As far as I can tell, the only (remaining?) reason that CONFIG_NTP_PPS
doesn't work with NO_HZ_COMMON is because the real time snapshots that
pps_get_ts() uses are not sufficiently accurate, so the phase
correction wouldn't work very well.

The inaccuracy happens because of the way the kernel's timekeeping
sawtooths around the 'ideal' time line, by choosing between adjacent
values of 'mult' and 'mult+1' from one tick to the next. But with a
tickless kernel, of course the correction *doesn't* happen each tick,
and the time reported as CLOCK_REALTIME diverges further from the
correct time.

The thing is... since 
https://lore.kernel.org/all/20260614144032.534706-1-dwmw2@infradead.org/ (local)
we know *precisely* how far from the truth our CLOCK_REALTIME value is,
and we can just put that information into the system_time_snapshot for
the caller to use as it sees fit. If the caller doesn't care about
monotonicity, it can just add the known 'error' to the snapshot.systime
value, and have a completely accurate snapshot even under nohz.

If I run my vmclock reference test on a tickless kernel, I see the
kernel's timekeeping vary by ±15ns around the ideal. The correction
below clamps it back to the ±1ns that I see with a periodic tick.

I think that's enough to enable CONFIG_NTP_PPS too, right? I'll have to
revive the hack at
https://lore.kernel.org/all/87cb97d5a26d0f4909d2ba2545c4b43281109470.camel@infradead.org/ (local)
to test it...

Am I missing some other reason for the dependency? Aside from the phase
error, it *does* seem to work. The dependency on !NO_HZ goes all the
way back to the original introduction of hardpps support in commit
025b40abe7, which doesn't explain *why* it didn't work on tickless
kernels.

From: David Woodhouse <redacted>
Date: Fri, 19 Jun 2026 00:00:29 +0100
Subject: [PATCH] timekeeping: Extrapolate ntp_error into snapshots

ktime_get_snapshot_id() is a lockless reader: it interpolates the
clocksource forward from cycle_last at a fixed mult but never runs the
timekeeping accumulation, so tk->ntp_error is only current as of the
last update. Between updates the read accrues the per-cycle deviation
from the NTP-ideal rate; on a NO_HZ kernel that span can be many ticks,
widening the sawtooth between the snapshot's disciplined CLOCK_REALTIME
and the ideal NTP line. This is the obstacle to accurate in-kernel PPS,
which today depends on !NO_HZ_COMMON.

Carry that deviation in the snapshot as a signed nanosecond offset that
a consumer adds directly to ::systime to land on the ideal line.
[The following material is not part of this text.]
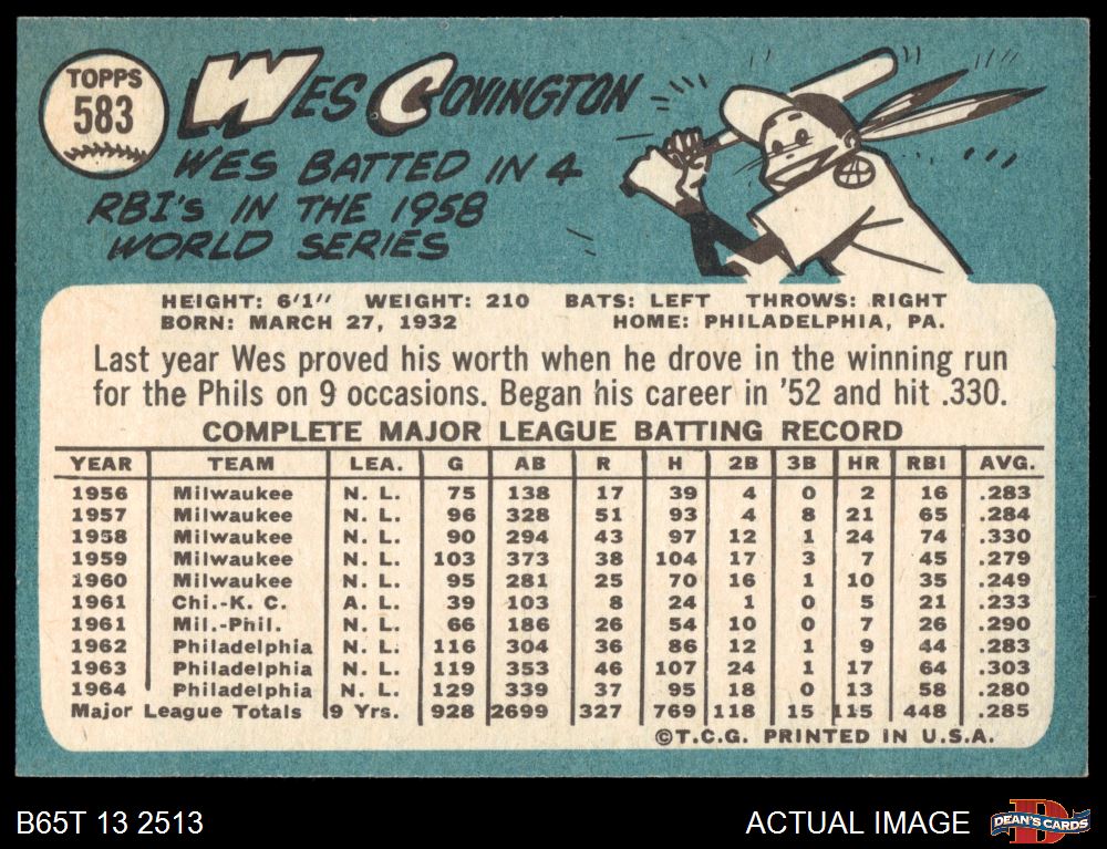 1965 Topps #583 Wes Covington 5.5 - EX+

It sums
four terms in ns << NTP_SCALE_SHIFT before converting:

  - tk->ntp_error, the deviation as of the last update;
  - (cycle_delta * ntp_err_frac), the fractional-mult drift accrued
    since then (cycle_delta is at most a tick on a tickful kernel, but
    many ticks' worth under NO_HZ);
  - (cycle_delta * ntp_err_mult), subtracting the applied +1 mult dither
    over the same span;
  - the sub-nanosecond fraction dropped when ::systime was truncated to
    whole ns (low shift bits of the read, exact despite overflow).

Only the mono-based clocks (REALTIME/MONOTONIC/BOOTTIME) carry this; RAW
is undisciplined and AUX has its own discipline. The residual is then a
single clocksource cycle, the same bound as a tickful kernel.

NOT-FOR-UPSTREAM: also includes a temporary ptp_vmclock debug hack that
prints the offset and applies it to the returned timestamp, for
validating the field against the host vmclock reference under QEMU.

Signed-off-by: David Woodhouse <redacted>
Assisted-by: Kiro:claude-opus-4.8
---
 drivers/ptp/ptp_vmclock.c           |  2 ++
 include/linux/timekeeper_internal.h |  6 ++++
 include/linux/timekeeping.h         |  9 +++++
 kernel/time/timekeeping.c           | 56 +++++++++++++++++++++++++++--
 4 files changed, 71 insertions(+), 2 deletions(-)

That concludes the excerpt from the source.